■ EXERCISE DATA
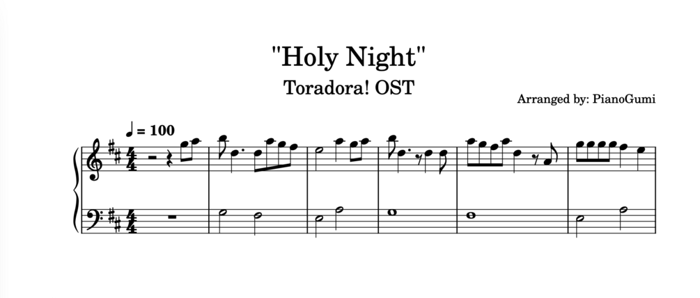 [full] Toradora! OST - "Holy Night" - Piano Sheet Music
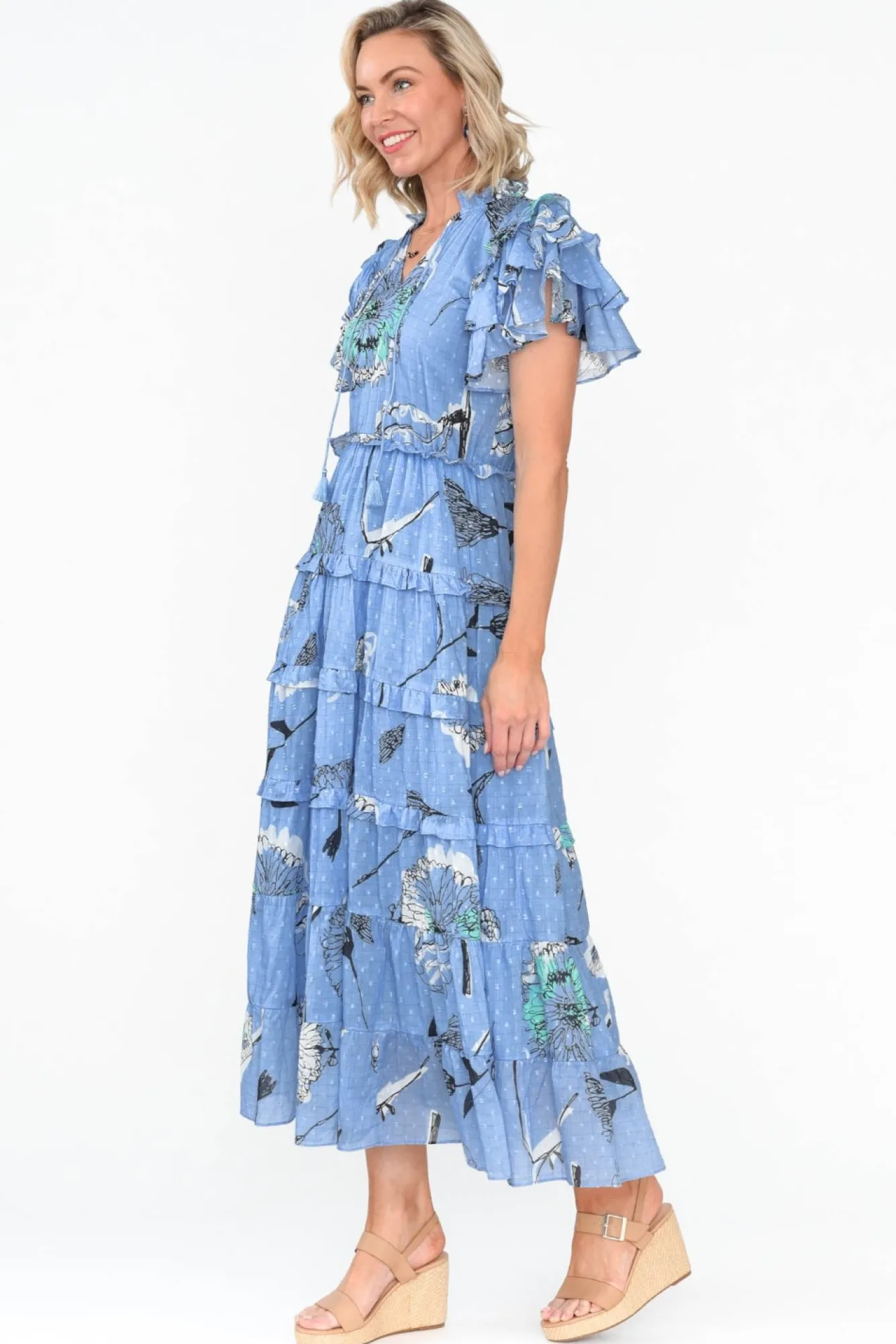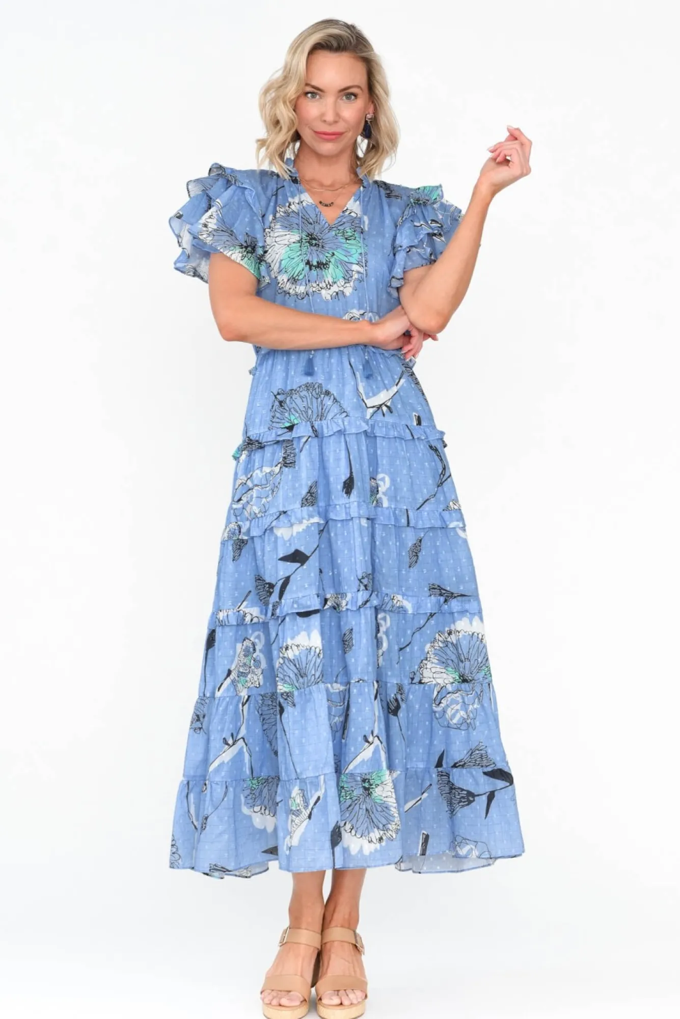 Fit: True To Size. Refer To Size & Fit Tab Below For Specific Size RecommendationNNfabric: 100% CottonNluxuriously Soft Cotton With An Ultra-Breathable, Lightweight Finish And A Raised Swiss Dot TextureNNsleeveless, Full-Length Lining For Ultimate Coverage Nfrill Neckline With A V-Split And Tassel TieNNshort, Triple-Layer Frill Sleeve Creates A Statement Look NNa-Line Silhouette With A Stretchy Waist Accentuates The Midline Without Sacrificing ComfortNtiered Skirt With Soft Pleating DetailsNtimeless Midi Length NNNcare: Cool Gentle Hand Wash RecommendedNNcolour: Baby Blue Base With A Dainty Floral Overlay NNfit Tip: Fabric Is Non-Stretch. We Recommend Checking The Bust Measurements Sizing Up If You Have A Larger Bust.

* * *

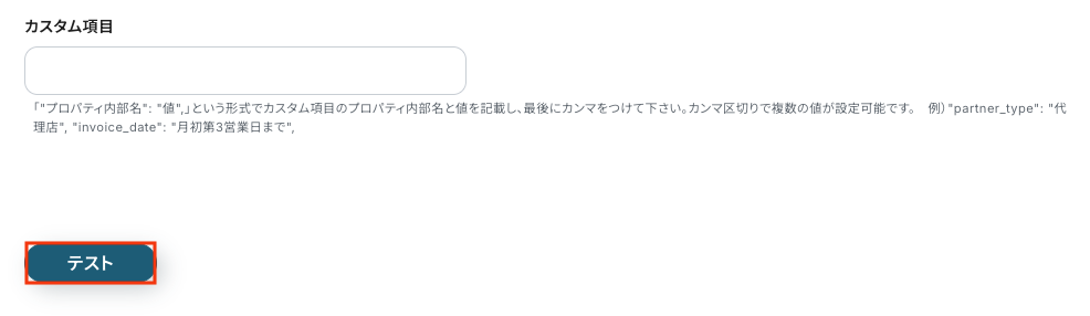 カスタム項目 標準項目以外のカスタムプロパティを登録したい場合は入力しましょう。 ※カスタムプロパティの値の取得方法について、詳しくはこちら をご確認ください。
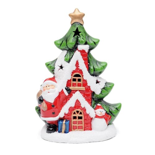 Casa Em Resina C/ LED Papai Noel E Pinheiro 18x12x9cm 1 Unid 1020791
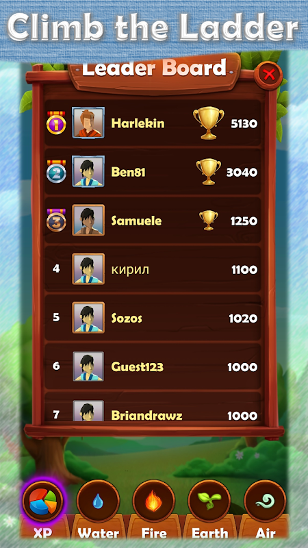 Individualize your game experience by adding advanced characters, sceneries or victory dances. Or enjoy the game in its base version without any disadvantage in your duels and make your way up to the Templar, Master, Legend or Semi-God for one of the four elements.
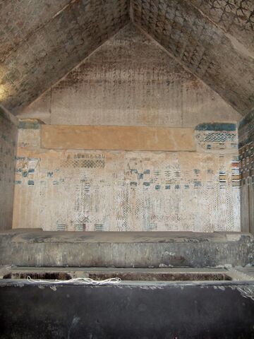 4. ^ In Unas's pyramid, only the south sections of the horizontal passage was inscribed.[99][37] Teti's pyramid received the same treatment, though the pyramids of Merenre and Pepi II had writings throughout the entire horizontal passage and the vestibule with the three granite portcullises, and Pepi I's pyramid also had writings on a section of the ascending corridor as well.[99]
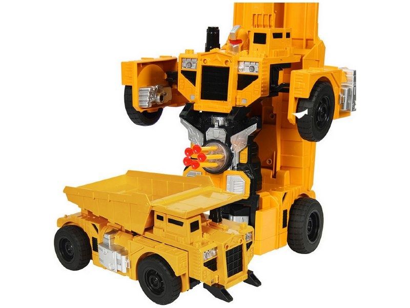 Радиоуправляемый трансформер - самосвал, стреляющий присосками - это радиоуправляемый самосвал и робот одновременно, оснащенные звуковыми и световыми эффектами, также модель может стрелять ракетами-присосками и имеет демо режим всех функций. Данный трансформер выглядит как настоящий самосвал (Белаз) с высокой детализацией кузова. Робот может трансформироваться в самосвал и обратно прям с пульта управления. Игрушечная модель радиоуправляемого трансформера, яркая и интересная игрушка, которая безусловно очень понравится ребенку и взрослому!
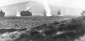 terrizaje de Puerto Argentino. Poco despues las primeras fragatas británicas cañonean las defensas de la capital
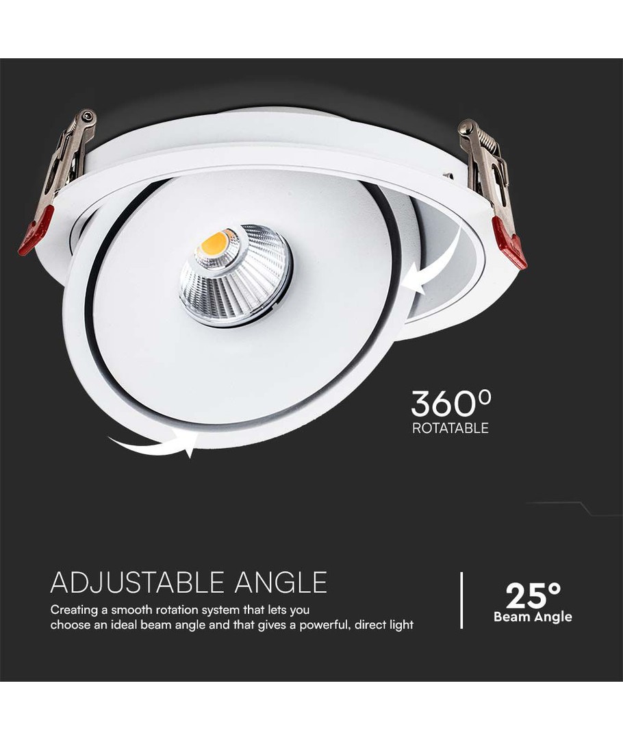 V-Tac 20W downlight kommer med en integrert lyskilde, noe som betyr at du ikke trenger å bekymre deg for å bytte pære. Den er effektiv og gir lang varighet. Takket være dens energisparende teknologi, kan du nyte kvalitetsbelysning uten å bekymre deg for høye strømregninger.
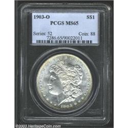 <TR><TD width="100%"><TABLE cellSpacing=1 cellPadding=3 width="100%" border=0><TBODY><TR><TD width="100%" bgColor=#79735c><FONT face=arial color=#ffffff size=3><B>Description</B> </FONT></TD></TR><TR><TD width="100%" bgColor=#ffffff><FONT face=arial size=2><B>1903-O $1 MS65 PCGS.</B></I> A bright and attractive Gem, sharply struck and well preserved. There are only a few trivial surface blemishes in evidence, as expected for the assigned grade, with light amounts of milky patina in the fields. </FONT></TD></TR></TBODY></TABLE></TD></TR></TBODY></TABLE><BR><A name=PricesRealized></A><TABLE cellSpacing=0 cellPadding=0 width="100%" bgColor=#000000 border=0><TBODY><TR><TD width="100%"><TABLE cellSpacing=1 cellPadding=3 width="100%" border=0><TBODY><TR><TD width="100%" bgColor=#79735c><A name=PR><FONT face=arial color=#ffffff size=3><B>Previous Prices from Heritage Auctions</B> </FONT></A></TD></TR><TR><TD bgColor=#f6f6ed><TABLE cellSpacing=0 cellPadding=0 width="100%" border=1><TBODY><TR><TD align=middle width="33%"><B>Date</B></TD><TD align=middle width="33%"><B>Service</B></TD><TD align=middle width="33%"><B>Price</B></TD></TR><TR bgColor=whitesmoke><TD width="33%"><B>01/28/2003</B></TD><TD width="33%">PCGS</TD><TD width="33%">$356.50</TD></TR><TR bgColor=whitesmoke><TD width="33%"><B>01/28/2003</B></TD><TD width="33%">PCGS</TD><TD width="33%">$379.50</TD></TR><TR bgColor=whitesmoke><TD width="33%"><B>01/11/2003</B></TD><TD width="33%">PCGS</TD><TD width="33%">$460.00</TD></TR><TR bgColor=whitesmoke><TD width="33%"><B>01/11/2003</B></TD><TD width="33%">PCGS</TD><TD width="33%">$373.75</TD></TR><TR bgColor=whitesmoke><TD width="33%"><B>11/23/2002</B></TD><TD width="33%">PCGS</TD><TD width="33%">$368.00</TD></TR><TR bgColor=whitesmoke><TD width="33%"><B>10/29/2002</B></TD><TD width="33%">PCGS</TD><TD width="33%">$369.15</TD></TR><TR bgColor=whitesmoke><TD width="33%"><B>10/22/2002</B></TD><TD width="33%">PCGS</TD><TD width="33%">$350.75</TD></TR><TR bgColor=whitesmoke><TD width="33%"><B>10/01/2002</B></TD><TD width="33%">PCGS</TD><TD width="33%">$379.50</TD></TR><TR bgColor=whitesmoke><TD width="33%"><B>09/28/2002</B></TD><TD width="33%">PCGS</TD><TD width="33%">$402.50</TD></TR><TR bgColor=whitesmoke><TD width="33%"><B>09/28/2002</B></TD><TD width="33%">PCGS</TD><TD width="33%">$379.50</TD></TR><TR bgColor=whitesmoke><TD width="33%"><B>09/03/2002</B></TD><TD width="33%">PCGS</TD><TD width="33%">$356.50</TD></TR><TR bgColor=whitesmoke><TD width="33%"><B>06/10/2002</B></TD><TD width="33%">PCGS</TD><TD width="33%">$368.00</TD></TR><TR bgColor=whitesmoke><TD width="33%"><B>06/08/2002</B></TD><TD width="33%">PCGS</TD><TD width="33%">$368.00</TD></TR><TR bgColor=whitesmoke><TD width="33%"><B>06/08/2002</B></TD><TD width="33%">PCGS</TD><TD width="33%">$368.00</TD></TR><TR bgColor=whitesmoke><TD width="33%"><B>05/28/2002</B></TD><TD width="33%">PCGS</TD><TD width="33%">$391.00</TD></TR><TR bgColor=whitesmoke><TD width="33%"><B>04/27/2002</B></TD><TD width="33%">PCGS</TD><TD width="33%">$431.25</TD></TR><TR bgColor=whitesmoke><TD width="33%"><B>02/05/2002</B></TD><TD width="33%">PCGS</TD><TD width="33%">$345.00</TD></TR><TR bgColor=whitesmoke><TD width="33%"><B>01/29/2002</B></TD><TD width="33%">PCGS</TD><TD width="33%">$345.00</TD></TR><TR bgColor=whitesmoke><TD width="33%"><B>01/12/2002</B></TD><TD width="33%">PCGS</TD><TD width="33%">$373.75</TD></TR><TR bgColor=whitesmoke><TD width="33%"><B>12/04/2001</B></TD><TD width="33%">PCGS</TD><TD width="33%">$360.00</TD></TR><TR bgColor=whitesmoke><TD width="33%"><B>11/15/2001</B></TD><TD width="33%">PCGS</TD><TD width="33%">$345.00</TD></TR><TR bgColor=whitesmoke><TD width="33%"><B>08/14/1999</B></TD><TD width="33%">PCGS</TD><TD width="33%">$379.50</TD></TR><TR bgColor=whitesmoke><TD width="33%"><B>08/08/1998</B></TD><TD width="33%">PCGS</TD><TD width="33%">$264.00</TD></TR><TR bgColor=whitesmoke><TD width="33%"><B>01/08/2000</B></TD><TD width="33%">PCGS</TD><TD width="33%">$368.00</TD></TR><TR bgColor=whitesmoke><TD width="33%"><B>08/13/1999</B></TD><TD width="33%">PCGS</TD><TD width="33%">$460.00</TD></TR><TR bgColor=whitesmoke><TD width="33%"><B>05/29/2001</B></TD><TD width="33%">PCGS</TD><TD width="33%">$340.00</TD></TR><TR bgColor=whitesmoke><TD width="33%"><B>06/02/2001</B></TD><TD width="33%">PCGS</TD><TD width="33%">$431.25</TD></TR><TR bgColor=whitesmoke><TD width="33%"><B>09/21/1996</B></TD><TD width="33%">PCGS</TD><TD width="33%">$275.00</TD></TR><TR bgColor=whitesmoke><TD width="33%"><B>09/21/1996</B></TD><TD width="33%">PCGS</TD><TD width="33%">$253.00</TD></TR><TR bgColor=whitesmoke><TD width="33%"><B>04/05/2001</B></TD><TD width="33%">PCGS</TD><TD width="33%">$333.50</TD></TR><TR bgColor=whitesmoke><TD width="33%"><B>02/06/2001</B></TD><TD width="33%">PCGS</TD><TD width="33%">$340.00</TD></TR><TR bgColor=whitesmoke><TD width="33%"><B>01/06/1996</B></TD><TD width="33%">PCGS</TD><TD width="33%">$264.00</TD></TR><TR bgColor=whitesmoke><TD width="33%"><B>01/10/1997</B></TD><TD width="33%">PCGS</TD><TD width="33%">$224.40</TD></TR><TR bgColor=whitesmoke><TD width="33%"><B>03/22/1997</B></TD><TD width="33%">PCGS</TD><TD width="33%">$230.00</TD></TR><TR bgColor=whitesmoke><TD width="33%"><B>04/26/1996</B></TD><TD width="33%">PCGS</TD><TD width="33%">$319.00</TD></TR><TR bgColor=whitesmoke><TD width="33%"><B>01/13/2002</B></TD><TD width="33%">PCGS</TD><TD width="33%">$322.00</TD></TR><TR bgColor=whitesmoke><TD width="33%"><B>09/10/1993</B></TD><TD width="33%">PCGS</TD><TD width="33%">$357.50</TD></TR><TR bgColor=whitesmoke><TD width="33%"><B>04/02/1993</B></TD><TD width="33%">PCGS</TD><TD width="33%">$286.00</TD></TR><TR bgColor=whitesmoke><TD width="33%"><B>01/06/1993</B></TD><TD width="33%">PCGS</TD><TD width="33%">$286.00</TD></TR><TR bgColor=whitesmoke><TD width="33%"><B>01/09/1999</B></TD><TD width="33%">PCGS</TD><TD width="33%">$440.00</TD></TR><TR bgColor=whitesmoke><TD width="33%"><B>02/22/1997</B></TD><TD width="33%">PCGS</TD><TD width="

■ EXERCISE REQUIREMENTS
Leaving out each picture, repeat exactly the lines above from the one that contains "[full] Toradora! OST" through the one that contains "Fit: True To".

■ THE COMPLETED TASK
 [full] Toradora! OST - "Holy Night" - Piano Sheet Music
 Fit: True To Size. Refer To Size & Fit Tab Below For Specific Size RecommendationNNfabric: 100% CottonNluxuriously Soft Cotton With An Ultra-Breathable, Lightweight Finish And A Raised Swiss Dot TextureNNsleeveless, Full-Length Lining For Ultimate Coverage Nfrill Neckline With A V-Split And Tassel TieNNshort, Triple-Layer Frill Sleeve Creates A Statement Look NNa-Line Silhouette With A Stretchy Waist Accentuates The Midline Without Sacrificing ComfortNtiered Skirt With Soft Pleating DetailsNtimeless Midi Length NNNcare: Cool Gentle Hand Wash RecommendedNNcolour: Baby Blue Base With A Dainty Floral Overlay NNfit Tip: Fabric Is Non-Stretch. We Recommend Checking The Bust Measurements Sizing Up If You Have A Larger Bust.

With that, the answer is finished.